- _WHAT TO PRODUCE_: The material below holds pictures, which are to be left out; copy exactly the lines from the one with "此時點擊確定以后我們在點擊一" through the one with "图为运城李家大院屋顶,置有北方少见的五尾望兽。".

- _DATASET_:
☆ ☆ ☆

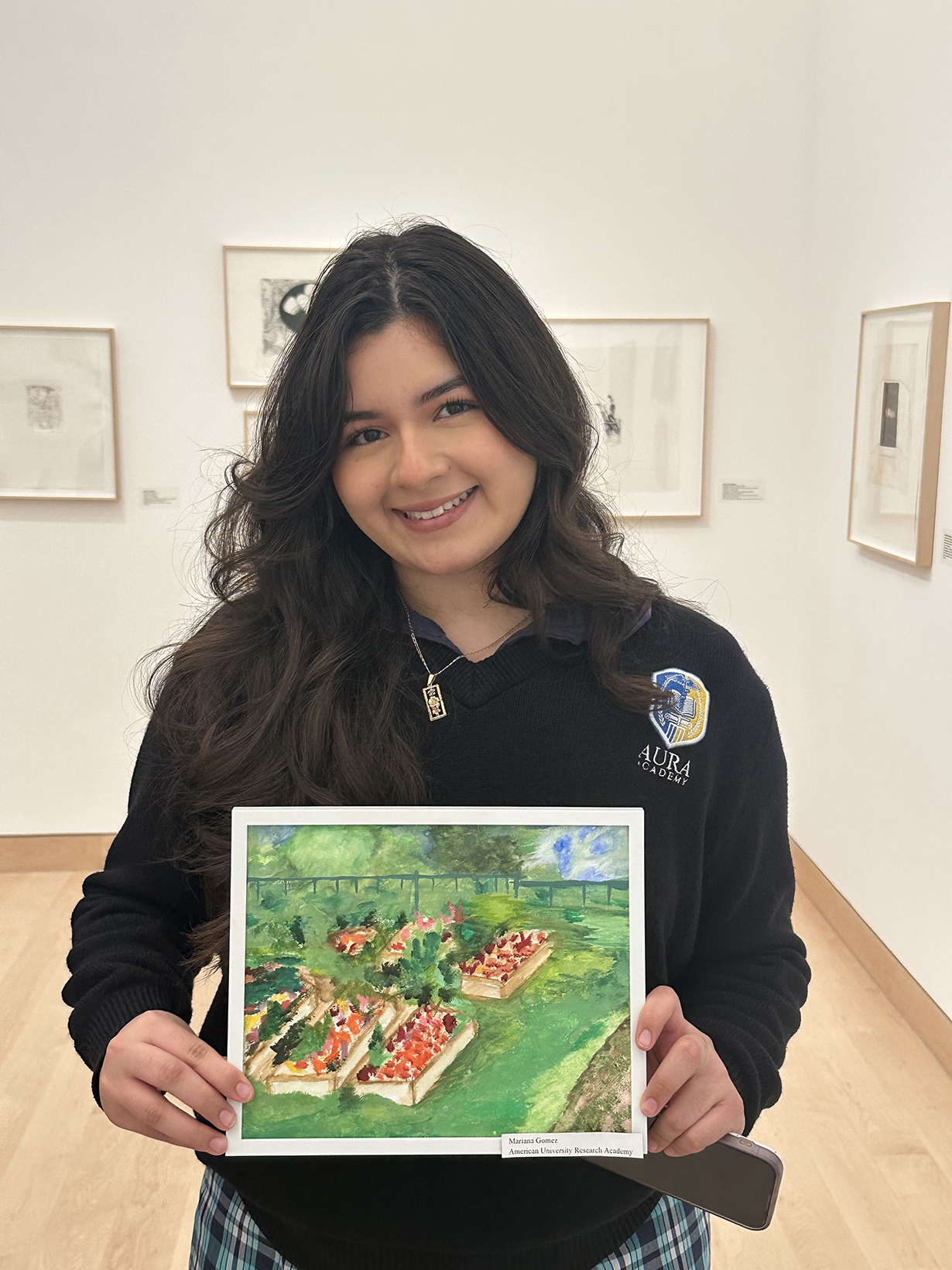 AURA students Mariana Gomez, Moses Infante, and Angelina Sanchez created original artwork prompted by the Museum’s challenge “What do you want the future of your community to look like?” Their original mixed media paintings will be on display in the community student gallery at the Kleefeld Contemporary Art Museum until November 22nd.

☆ ☆ ☆

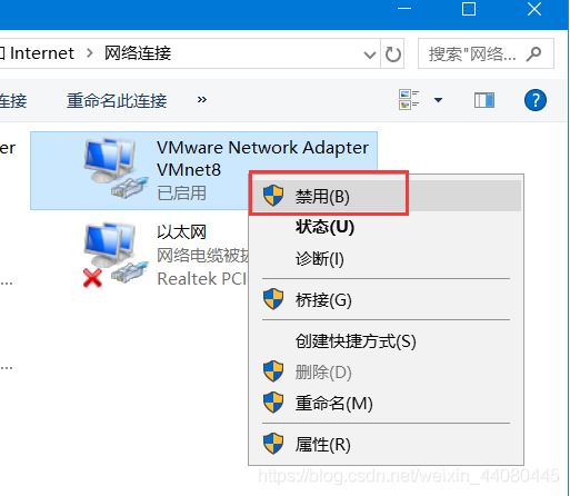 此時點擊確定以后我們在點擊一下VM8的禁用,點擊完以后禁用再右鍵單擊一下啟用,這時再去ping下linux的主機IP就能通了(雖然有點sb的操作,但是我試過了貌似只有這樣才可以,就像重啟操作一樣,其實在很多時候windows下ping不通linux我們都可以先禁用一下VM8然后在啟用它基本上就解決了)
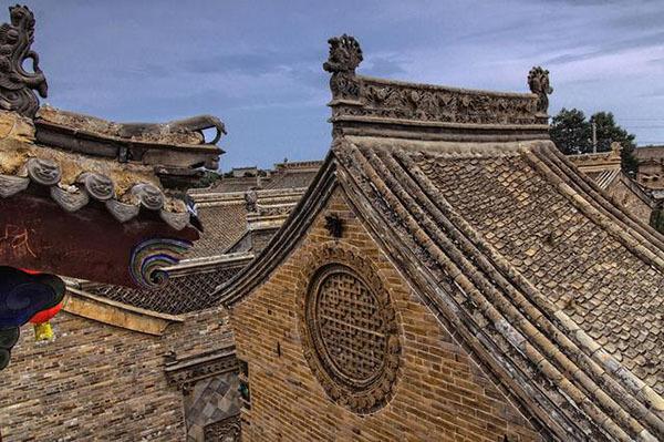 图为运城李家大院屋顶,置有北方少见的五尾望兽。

☆ ☆ ☆

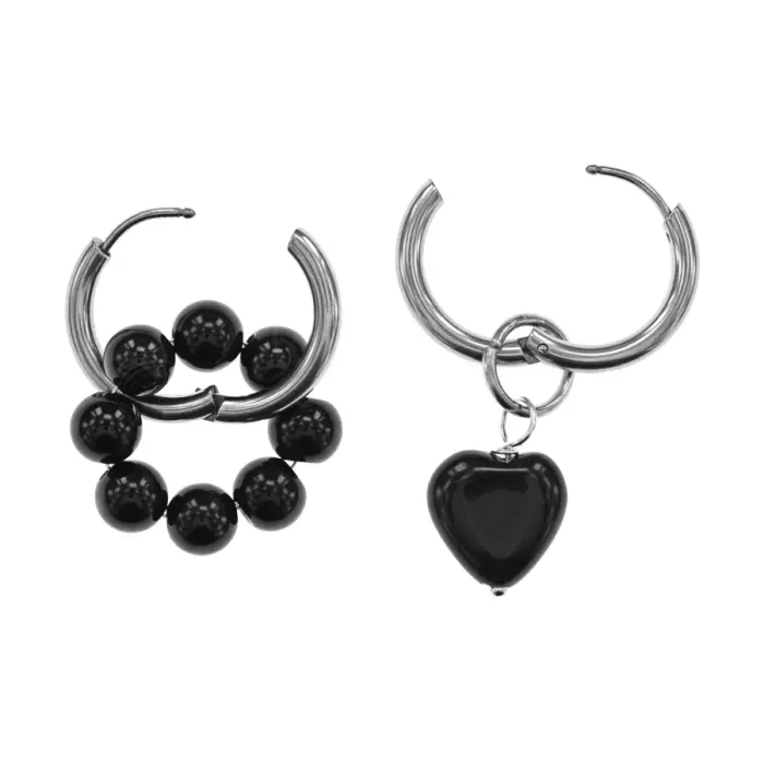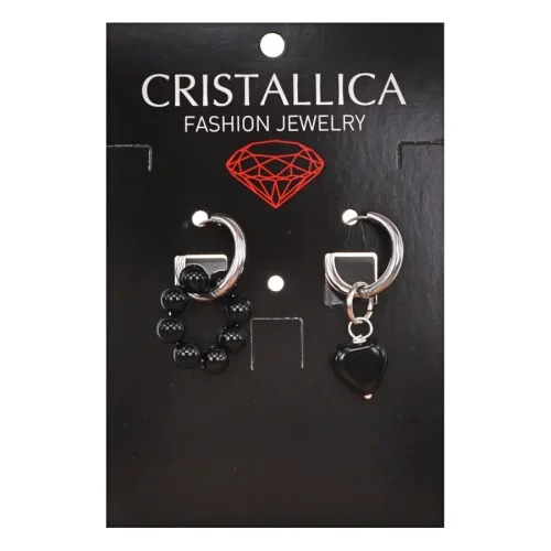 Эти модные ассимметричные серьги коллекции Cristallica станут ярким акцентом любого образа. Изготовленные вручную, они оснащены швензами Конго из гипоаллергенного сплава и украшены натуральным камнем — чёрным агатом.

☆ ☆ ☆

- _EXERCISE OUTPUT_:
 此時點擊確定以后我們在點擊一下VM8的禁用,點擊完以后禁用再右鍵單擊一下啟用,這時再去ping下linux的主機IP就能通了(雖然有點sb的操作,但是我試過了貌似只有這樣才可以,就像重啟操作一樣,其實在很多時候windows下ping不通linux我們都可以先禁用一下VM8然后在啟用它基本上就解決了)
 图为运城李家大院屋顶,置有北方少见的五尾望兽。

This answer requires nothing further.